I have a list (with dictionaries inside) and I want to know how many different domains are inside it.
I have something like this:
list = [
{'url': 'https://stackoverflow.com/questions', 'number': 10},
{'url': 'https://stackoverflow.com/users', 'number': 40},
{'url': 'https://stackexchange.com/tour', 'number': 40},
{'url': 'https://stackexchange.com/whatever/whatever', 'number': 25}
]
The desired result would look like this:
unique_domains = [
{'url': 'https://stackoverflow.com'},
{'url': 'https://stackexchange.com'}
]
Or maybe just:
unique_domains = ['stackoverflow.com', 'stackexchange.com']
Both would be OK, so whatever is easier or faster I guess.
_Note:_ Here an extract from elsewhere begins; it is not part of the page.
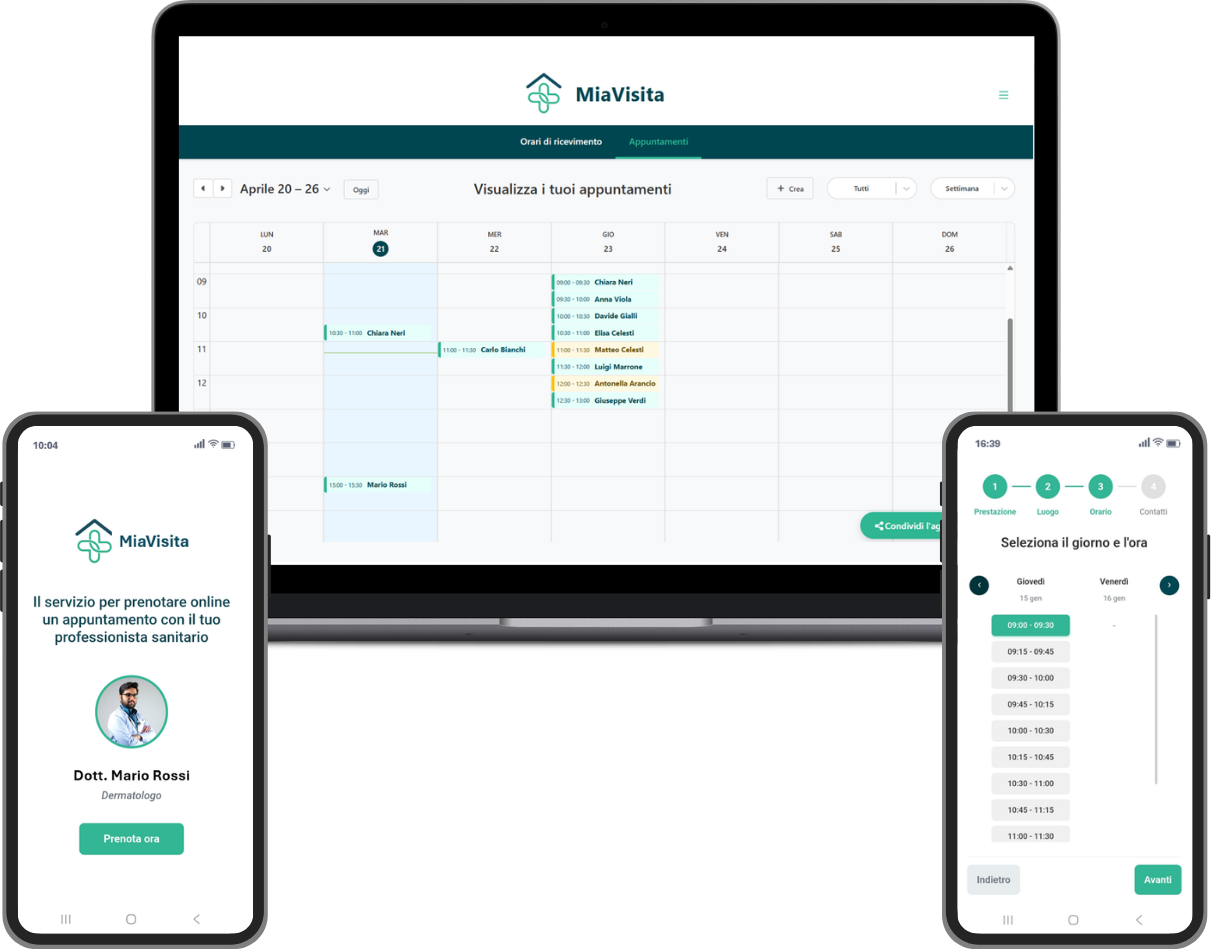MiaVisita è pensata per professionisti sanitari che lavorano in libera professione presso studi privati individuali e vogliono automatizzare la gestione degli appuntamenti, riducendo il carico organizzativo e i costi fissi di segreteria.

I think I could use Regex for this, but maybe there are more pythonic and/or efficient ways to do this?
Thanks!
CodePudding user response:
You can use urllib.parse.urlparse
(from standard library) together with set comprehension (to avoid duplicates):
from urllib.parse import urlparse
unique_domains = {urlparse(item['url']).netloc for item in given_list}
If you need, you can convert set
to list
via list(unique_domains)
. This is more reliable than regex solution.
(please don't call variable list
, it shadows useful builtin).